── Stored data

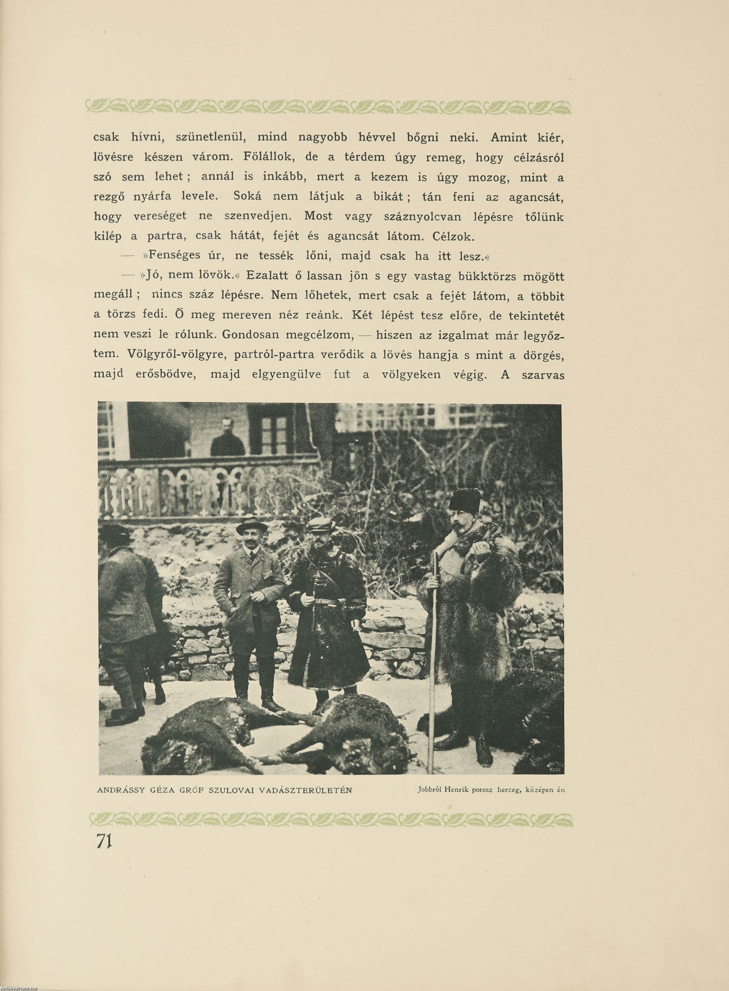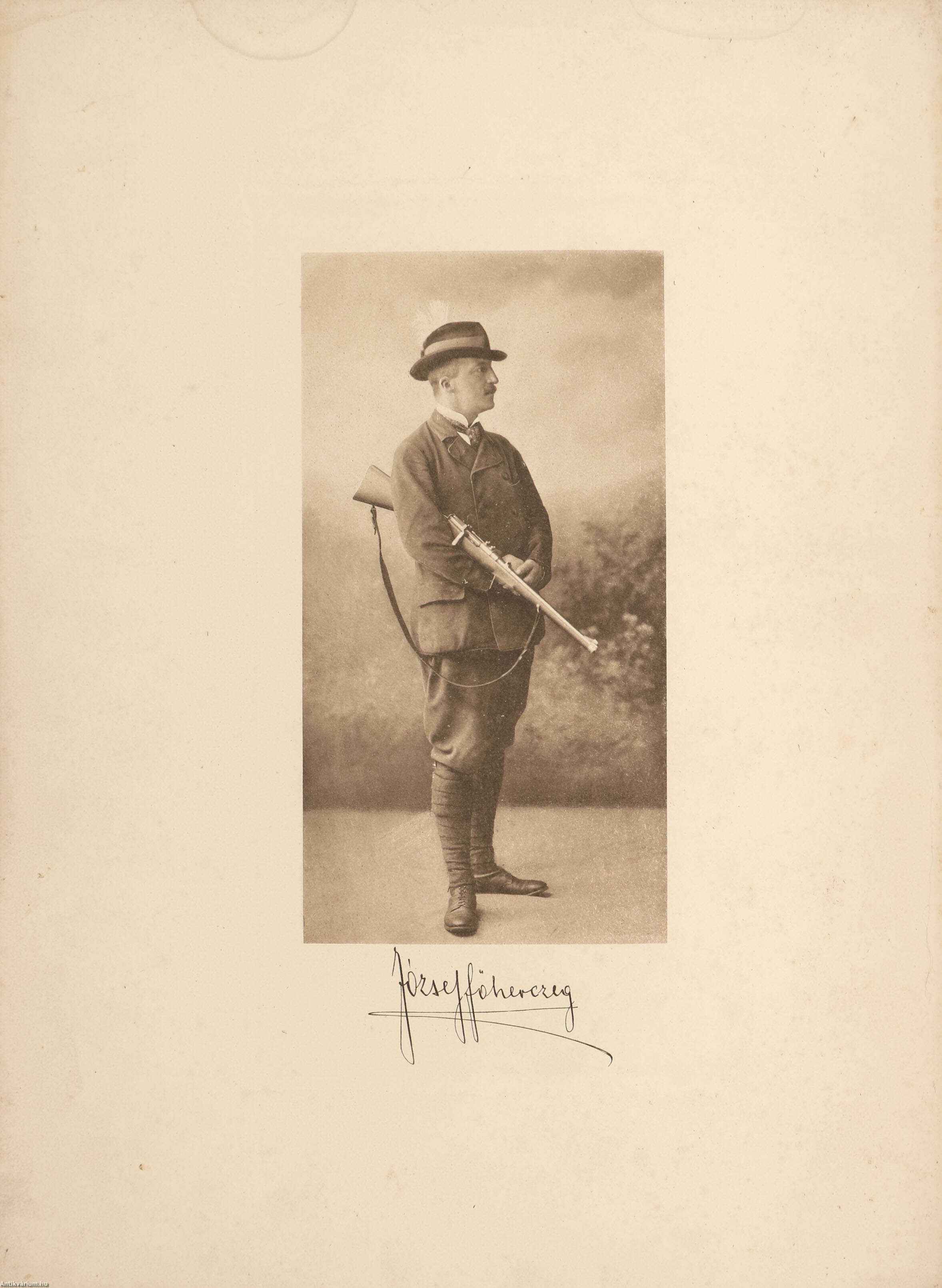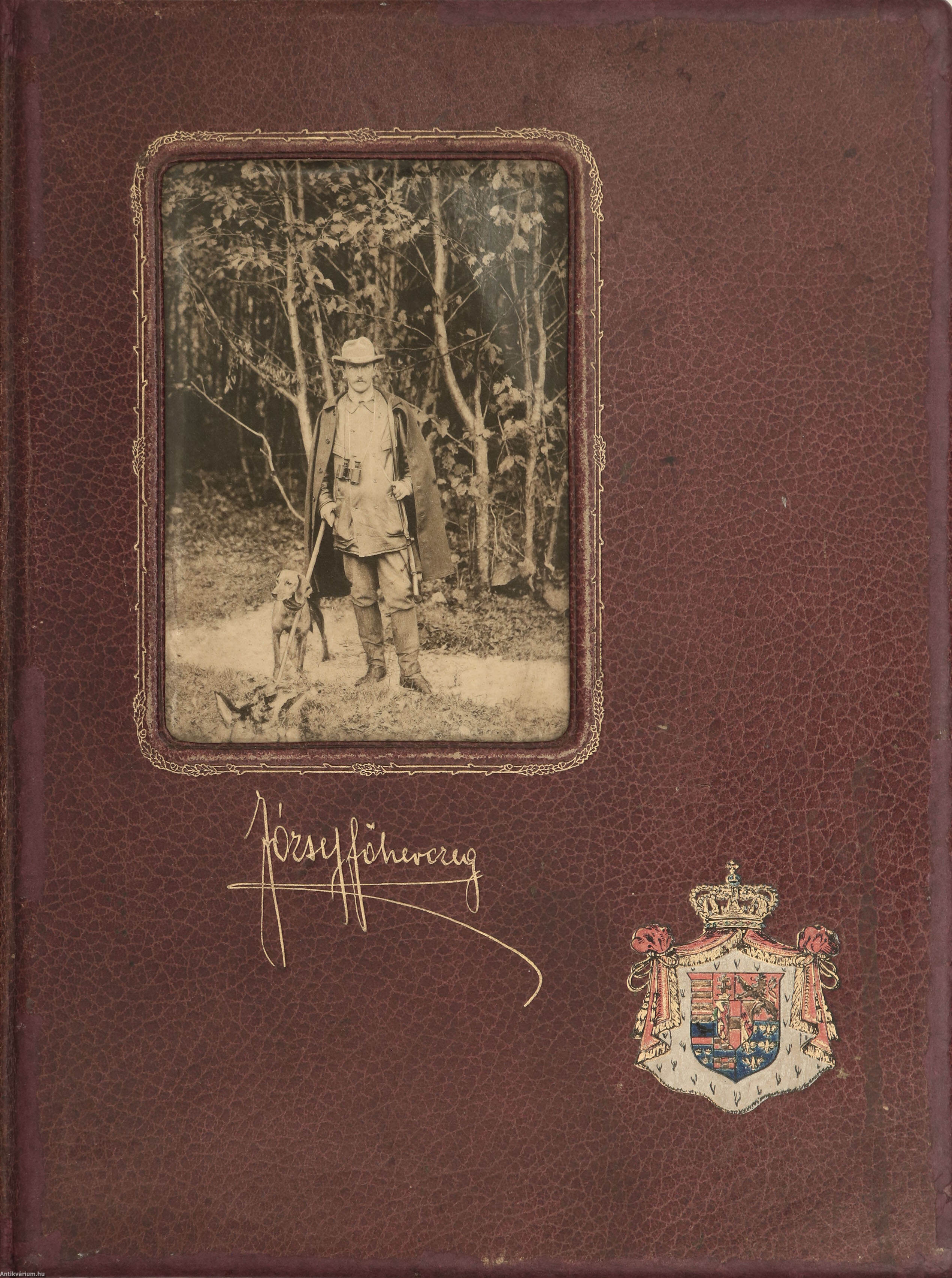 Kiadói restaurált bőrkötésben lévő példány színes, részletgazdag nemesi címerrel, József Főherceg aranyozott aláírásával és fekete-fehér vadászfotójával ellátott címfedéllel, aranyozott feliratozású könyvgerinccel, illusztrált, aranyozott, kiadói előzéklapokkal, néhány sérült lappal, hiánytalan állapotban.
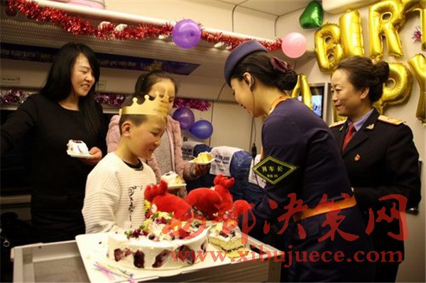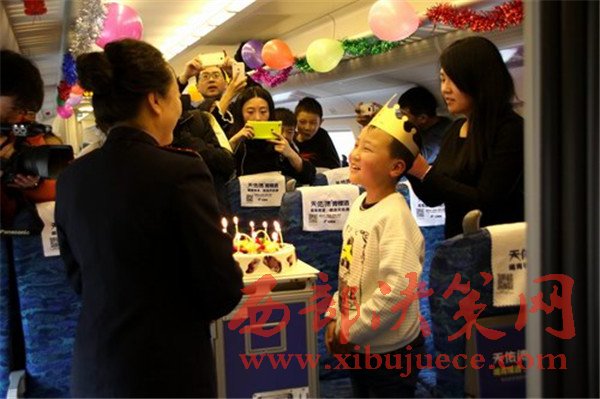 “祝你生日快樂”,2月5日,在蘭州西開往西寧的D2723次列車上,為一對(duì)“天路母子”舉行的別樣生日聚會(huì)引得網(wǎng)名點(diǎn)贊無數(shù)。
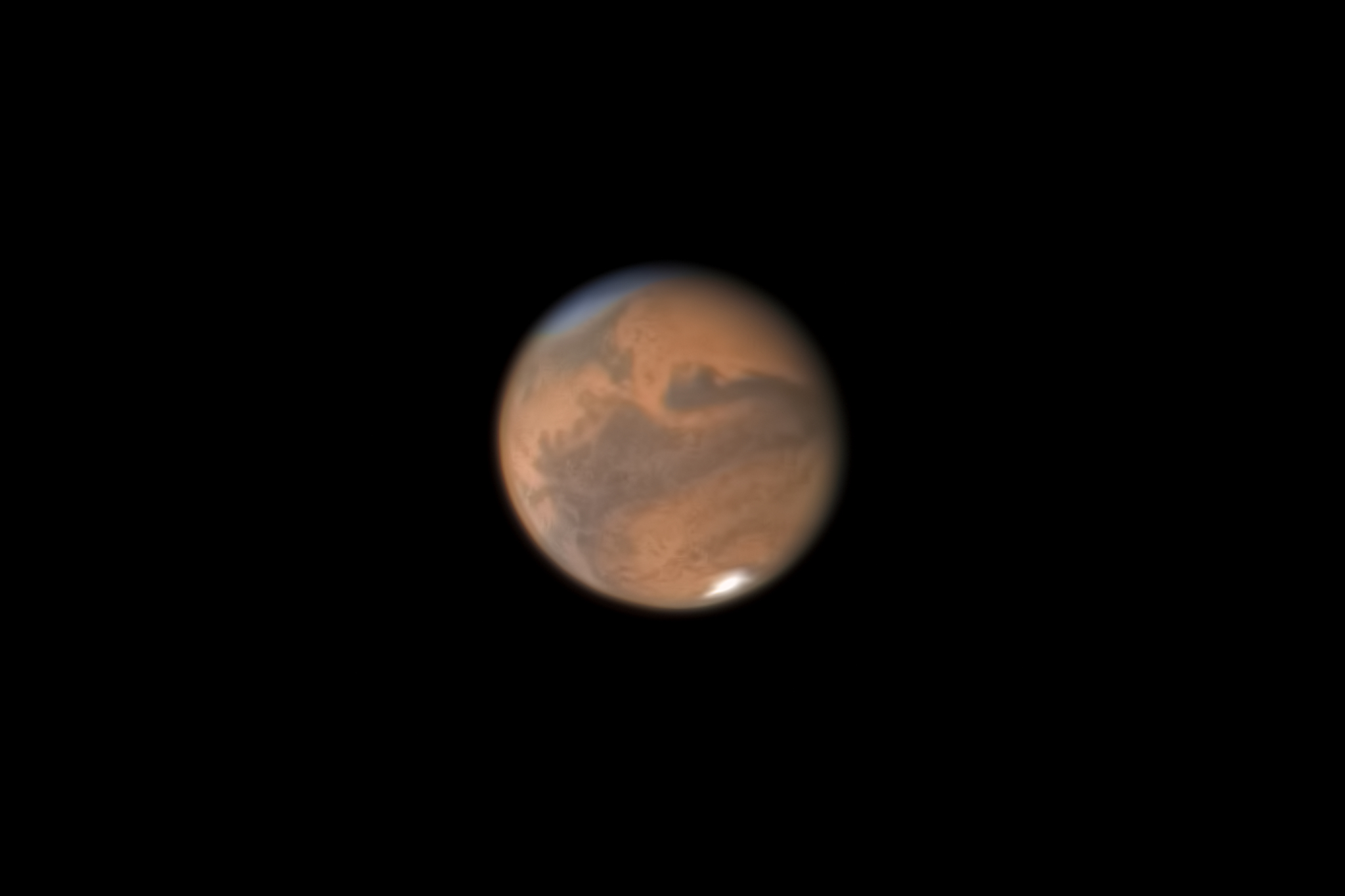 Am Abend des 18. September 2020, kurz nach dem öffentlichen Beobachtungsabend an der Sternwarte Radebeul/Sa., gelang Martin Fiedler und mir eines der bisher detailreichsten und schärfsten Aufnahmen des Planeten Mars! Das Seeing war selbst für unsere Region ein Traum! Unglaublich viele Strukturen der Marsoberfläche kamen so zum Vorschein, selbst Details an der südlichen Polkappe waren deutlich zu sehen! Beeindruckend auch immer wieder die nördlich-bläuliche Polarhaube. Schon bei der Videoerstellung wussten wir, dass es einer der besten Abende bisher für den Roten Planeten war. Visuell im Teleskop eine Augenweide! Man darf gespannt sein, was noch so kommen wird diesbezüglich in der bevorstehenden Marsopposition.

────

Exercise brief.
Reproduce the listing verbatim, and keep the pictures out of the copy.

Solution to the problem.
 Kiadói restaurált bőrkötésben lévő példány színes, részletgazdag nemesi címerrel, József Főherceg aranyozott aláírásával és fekete-fehér vadászfotójával ellátott címfedéllel, aranyozott feliratozású könyvgerinccel, illusztrált, aranyozott, kiadói előzéklapokkal, néhány sérült lappal, hiánytalan állapotban.
 “祝你生日快樂”,2月5日,在蘭州西開往西寧的D2723次列車上,為一對(duì)“天路母子”舉行的別樣生日聚會(huì)引得網(wǎng)名點(diǎn)贊無數(shù)。
 Am Abend des 18. September 2020, kurz nach dem öffentlichen Beobachtungsabend an der Sternwarte Radebeul/Sa., gelang Martin Fiedler und mir eines der bisher detailreichsten und schärfsten Aufnahmen des Planeten Mars! Das Seeing war selbst für unsere Region ein Traum! Unglaublich viele Strukturen der Marsoberfläche kamen so zum Vorschein, selbst Details an der südlichen Polkappe waren deutlich zu sehen! Beeindruckend auch immer wieder die nördlich-bläuliche Polarhaube. Schon bei der Videoerstellung wussten wir, dass es einer der besten Abende bisher für den Roten Planeten war. Visuell im Teleskop eine Augenweide! Man darf gespannt sein, was noch so kommen wird diesbezüglich in der bevorstehenden Marsopposition.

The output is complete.